In 1969, Brown encouraged Low to leave The Quin Tikis and offered to sign him to his label, Joe Brown Records, as a solo artist. Low agreed. In 1970 he debuted with the albums Presenting The Golden Voice Of Eddie Low and The Voice In A Million. In 1971, Low recorded an EP with John Hore named Eddie Low and John Hore Live. In November that year, Low reunited with Morrison and performed a nightly show along with Billy Peters.

By the mid-1970s, Low had released 11 singles through Brown and several albums and EPs, including a single with his daughter Marie, "Daddy What If". His music received heavy airplay on country radio stations. He began touring in North America, visiting Nashville twice in 1972 and 1973, and visiting Canada on an extended six month tour, recording the live album Eddie Low in USA and Canada which was released in 1976. Following this, Low took a hiatus from recording and releasing new material. He performed locally in the late 70s, including a guest appearance on A Touch of Country, filmed in Christchurch and broadcast on South Pacific Television in 1977.

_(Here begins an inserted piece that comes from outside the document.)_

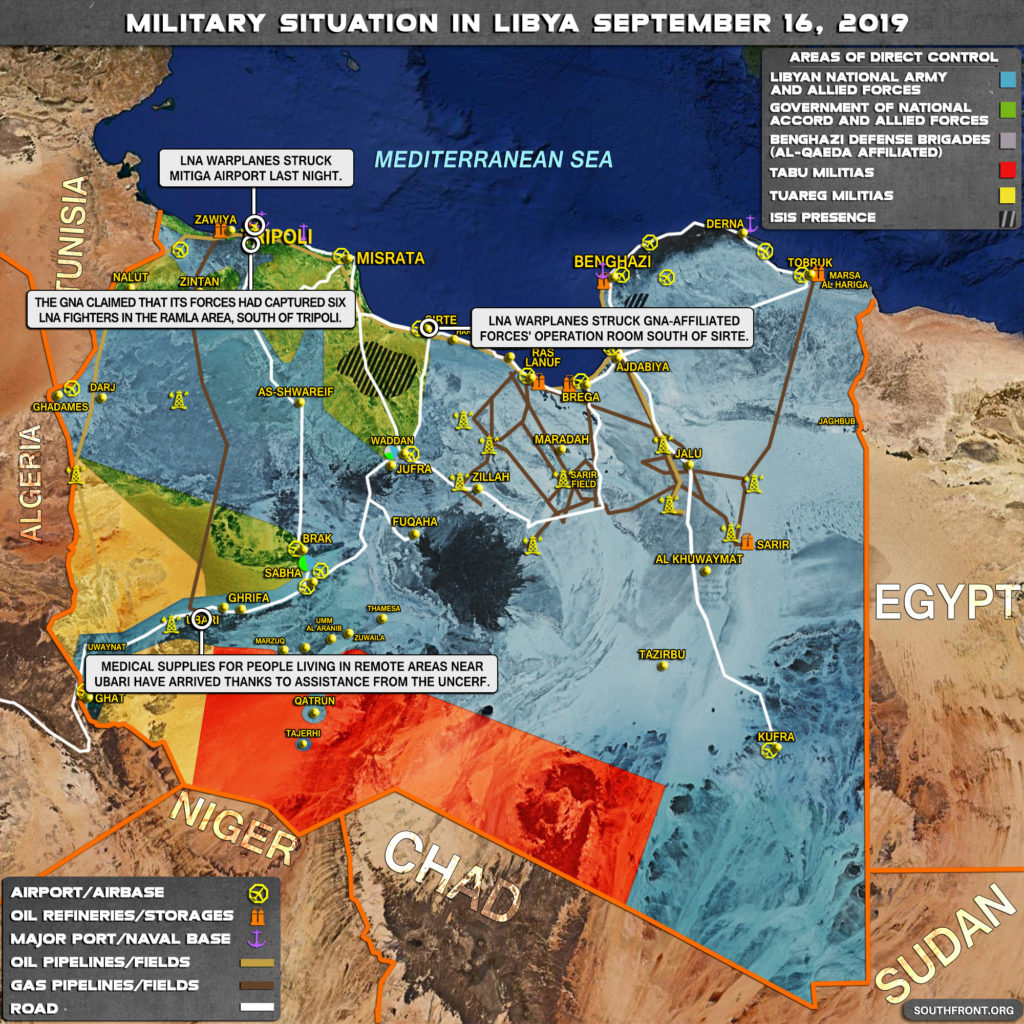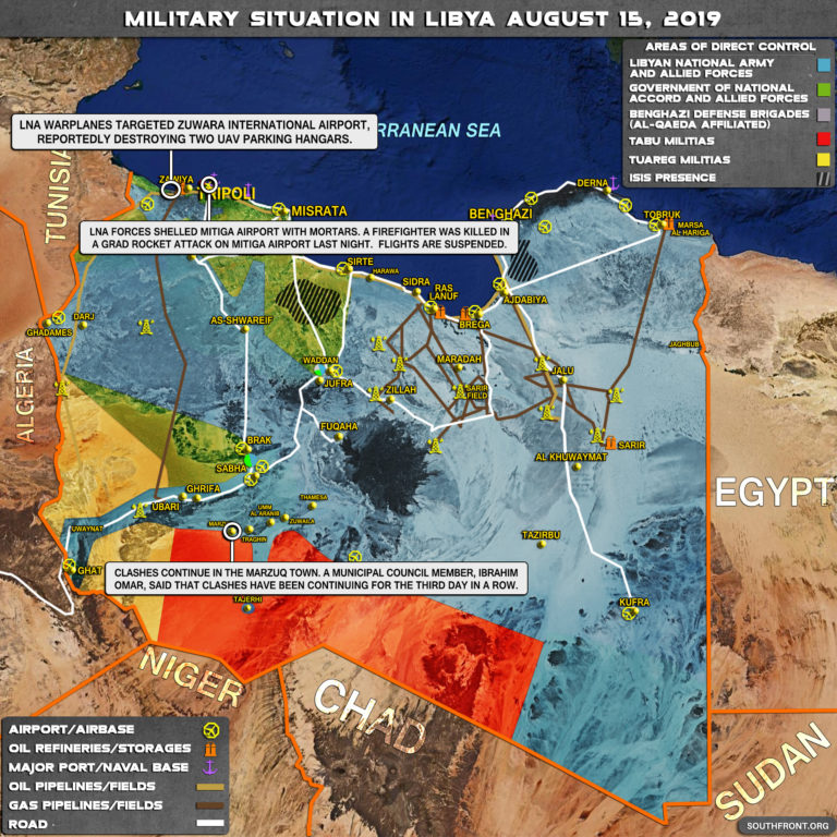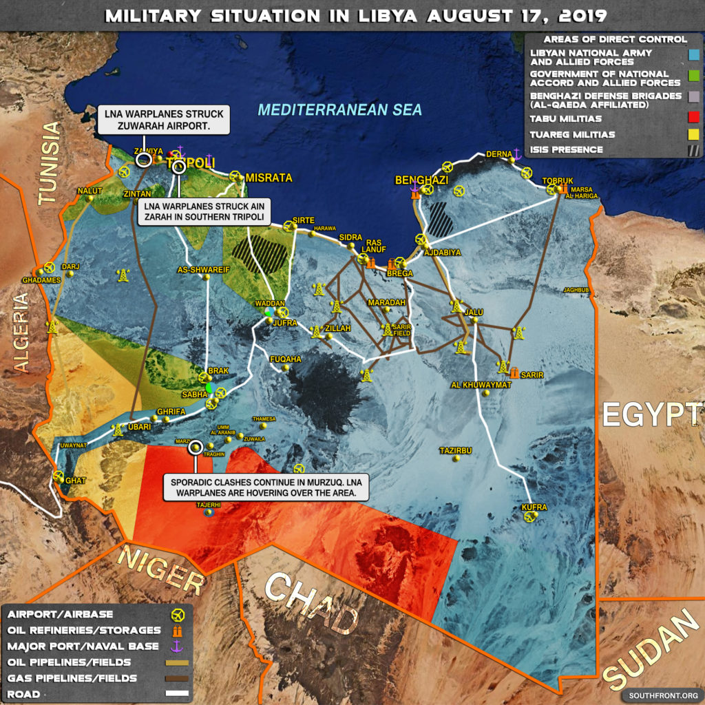 - LNA vojenská letadla zasáhla letiště Zuwarah. southfront.org/military-situation-in-libya-on-august-17-2019-map-update/

=== 1980–1996: Return to studio, MAL Records, and recognition ===
In 1980, Low signed to RCA Records and returned with Eddie Low Sings (Songs of Home). Over the next four years, Low released four more albums: Easy Temptations, Blue Smoke, Country Greats and Heart and Soul. Low also periodically visited Christchurch to appear on episodes of That's Country, a TVNZ show hosted by Ray Columbus.

Low received a number of awards and honours during this period, increasingly recognised for his contributions to music. In 1980, he received the New Zealand Entertainer and Songwriter of the Year award. In 1983, he was inducted into the Australian Country Music Hands of Fame with his hand print immortalized at the Tamworth monument. In 1984, he received the Variety Artists Club Scroll of Honour.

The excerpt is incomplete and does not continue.